We are constantly looking for ways to grow our business, but our biggest asset isn't our strategy, or monthly revenue, it's the people behind it driving that success: Your employees. In an article she contributed to Entrepreneur entitled "Want Your Business to Grow? Help Your Employees Succeed," Abigail Phillips writes: "We’ve all heard the saying that 'a team is only as strong as its weakest link,' but the number of business leaders choosing to ignore this sentiment is staggering, as they are more concerned with their own development and less so with their employees. Not a smart move. Investing time in your employees and giving them the tools they need to develop is incredibly important for output quality, morale and retention."
Want to empower your employees? Identify clear opportunities for growth
Lead by example
The focal point of leadership is to guide a team of individuals to success. It's about using failure as insights and obstacles as experience. Ultimately, it's about serving as a role model for your employees and leading by example. And it's a two-way street: If you want your employees to be dedicated to your company mission, you must also be dedicated to your employees. Take an active role in your employees' success by making opportunity for growth apparent, helping your employees develop new skills and empowering them to take the lead and make smart decisions that will benefit the company as a whole.
Encourage your employees to expand their interests
In today's professional world, interns are very prevalent in the workplace. If this is the case for your organization, or much of your leaders started in entry-level positions, use their career moves as a chance to replicate success by offering advancement opportunities. While promotion is typically the first thing to come to mind, it's not the only way to encourage new responsibilities and individual growth.

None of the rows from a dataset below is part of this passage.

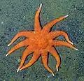 | Velatida Perrier, 1884 | Většinou mají 5–15 ramen a silné tělo s mohutným diskem. Tělo pokrývá velké množství papulí. Žijí v chladných hlubokých mořích.[17][18] | Solaster paxillatus |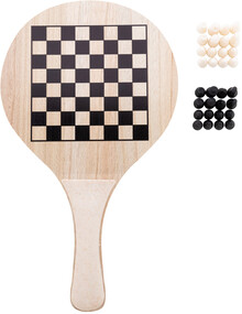 Plážový tenisový set ze dřeva a ekologického plastu z pšeničné slámy se 2 raketami a jedním míčkem. Včetně 3 deskových her, které lze hrát na raketách. V bavlněném pytlíku se stahovací šňůrkou.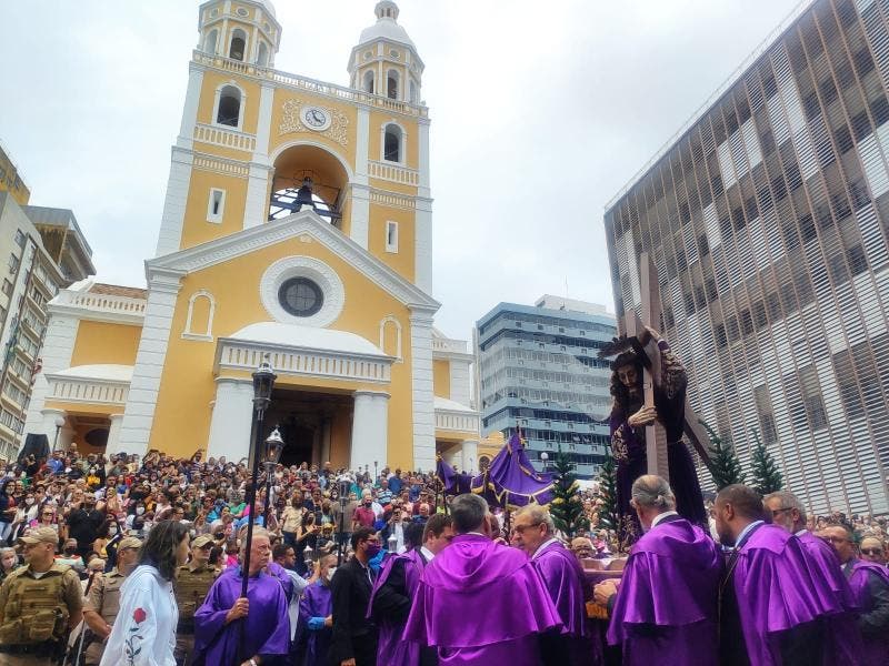 Depois de dois anos suspensa por conta da pandemia do coronavírus, a Procissão do Senhor dos Passos em Florianópolis reuniu cerca de 20 mil fiéis na região central da cidade neste domingo (3). As celebrações ocorreram durante o fim de semana, com missa e a Procissão do Carregador neste sábado (2). Veja, em fotos, como foi o ato religioso nesta tarde.
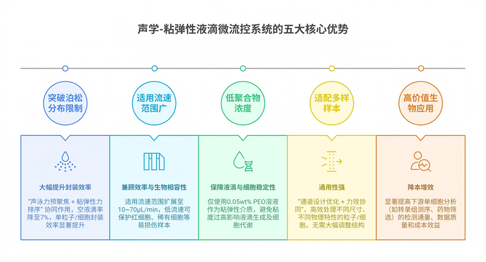 1、本研究开发了一种声学-粘弹性液滴微流控系统,通过将声泳力与粘弹性力结合,实现了不受泊松分布限制的高效单颗粒/细胞封装。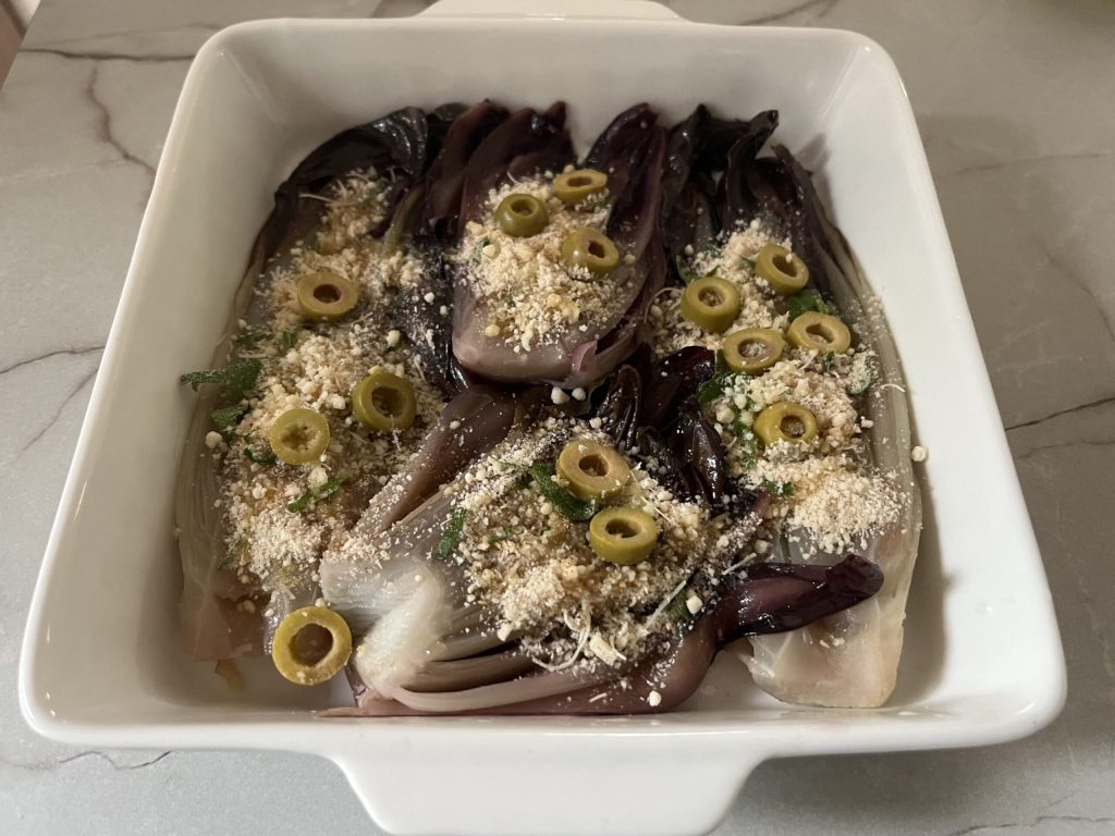 Ich bereite meinen Treviso-Radicchio in der Heißluftfritteuse vor, nachdem ich ihn kurz in einer Pfanne mit einem Schuss natives Olivenöl angebraten habe, damit er leicht weich wird und sein intensives Aroma freisetzt; danach verfeinere ich ihn mit knusprigen Semmelbröseln, Parmesan, in Scheiben geschnittenen Oliven und einer frischen Prise Petersilie – so entsteht ein perfektes Gleichgewicht zwischen leichter Bitterkeit und Würze – und gratiniere ihn dann ein paar Minuten in der Heißluftfritteuse.

Consider supporting each member of your team with opportunities for employee shadowing or training to help them develop the skills they need to take initiative and build momentum overtime. When your employees are made aware of the opportunities available to them, they're likely to feel valued and thus envision a future with you.
Offer focused feedback
Do you want your employees in for the long haul? Of course you do. The truth is, people—managers, employers and employees alike—are often quick to focus on negative performance instead of acknowledging the positive. It's more effective to focus on what your employees are doing right, than what they are doing wrong. In fact too much time spent finger-pointing rather than providing constructive feedback may leave your employees feeling bitter and disconnected from their roles. Instead of simply pointing out what an employee did wrong, use every conversation as an opportunity to empower your employees through focused feedback.
Finally, remember that a little can go a long way with your employees. According to Training Magazine: "Employees who are recognized for their accomplishments are twice as likely to feel a sense of drive and determination in their organization. So give praise, write thank you notes, celebrate your people. Be specific about what was done and the effect it had on the organization."
Play to their strengths
Phillips continues: "Leadership is about more than overseeing a team of people, it's about ensuring everybody on that team is working to the very best of their ability. Make sure all your people are in the right position within the company. Help your employees identify their strengths and make them aware of opportunities that suit their key skills." If some of your employees exemplify dedication, but they aren't in a role where their talent can flourish, don't resolve the issue by letting them go. Chances are they are highly capable of succeeding—they just need to find the right position.